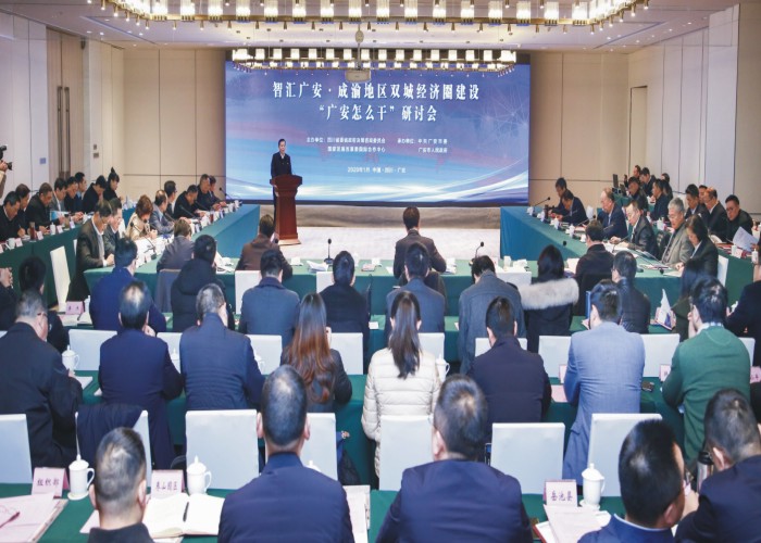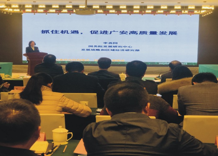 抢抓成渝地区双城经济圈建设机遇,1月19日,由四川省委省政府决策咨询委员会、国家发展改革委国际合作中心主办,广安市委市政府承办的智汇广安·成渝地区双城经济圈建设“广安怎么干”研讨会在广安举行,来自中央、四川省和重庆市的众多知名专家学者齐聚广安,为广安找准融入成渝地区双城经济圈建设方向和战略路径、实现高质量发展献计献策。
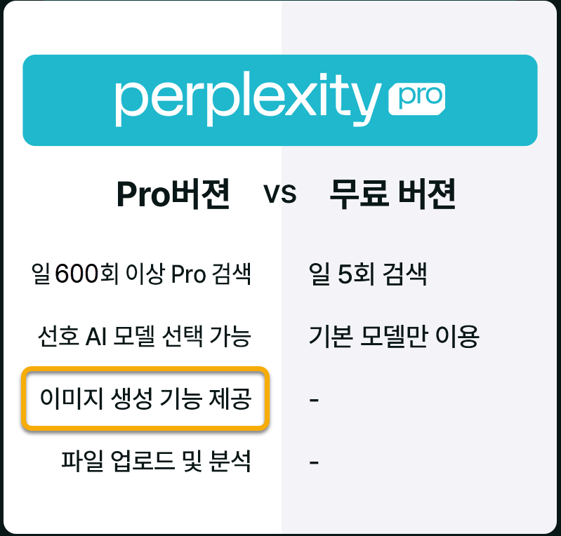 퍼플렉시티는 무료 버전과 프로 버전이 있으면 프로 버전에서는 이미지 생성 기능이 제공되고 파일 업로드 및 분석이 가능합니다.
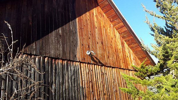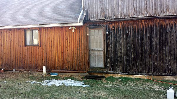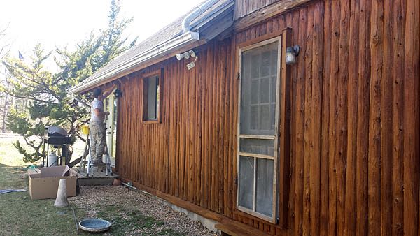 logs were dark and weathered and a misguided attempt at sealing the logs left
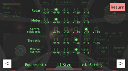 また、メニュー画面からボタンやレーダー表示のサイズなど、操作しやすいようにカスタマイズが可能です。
---
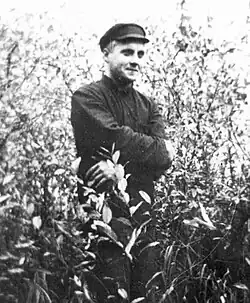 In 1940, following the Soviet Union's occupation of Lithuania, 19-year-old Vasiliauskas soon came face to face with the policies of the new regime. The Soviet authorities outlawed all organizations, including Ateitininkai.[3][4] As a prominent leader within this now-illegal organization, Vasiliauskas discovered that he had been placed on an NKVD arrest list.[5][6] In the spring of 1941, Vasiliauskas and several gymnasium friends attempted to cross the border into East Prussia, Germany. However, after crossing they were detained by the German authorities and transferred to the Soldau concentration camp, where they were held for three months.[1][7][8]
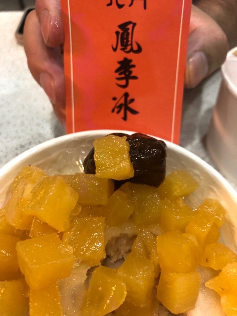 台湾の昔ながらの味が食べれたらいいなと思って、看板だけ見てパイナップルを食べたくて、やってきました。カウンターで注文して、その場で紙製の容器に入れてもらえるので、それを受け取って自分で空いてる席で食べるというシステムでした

ASSIGNED TASK:
Please repeat, exactly as written, the lines in the records above, starting with the one that has "퍼플렉시티는 무료 버전과" and going on through the one that has "また、メニュー画面からボタン". Pictures are to be left out.

SOLUTION TO THIS PROBLEM:
 퍼플렉시티는 무료 버전과 프로 버전이 있으면 프로 버전에서는 이미지 생성 기능이 제공되고 파일 업로드 및 분석이 가능합니다.
 logs were dark and weathered and a misguided attempt at sealing the logs left
 また、メニュー画面からボタンやレーダー表示のサイズなど、操作しやすいようにカスタマイズが可能です。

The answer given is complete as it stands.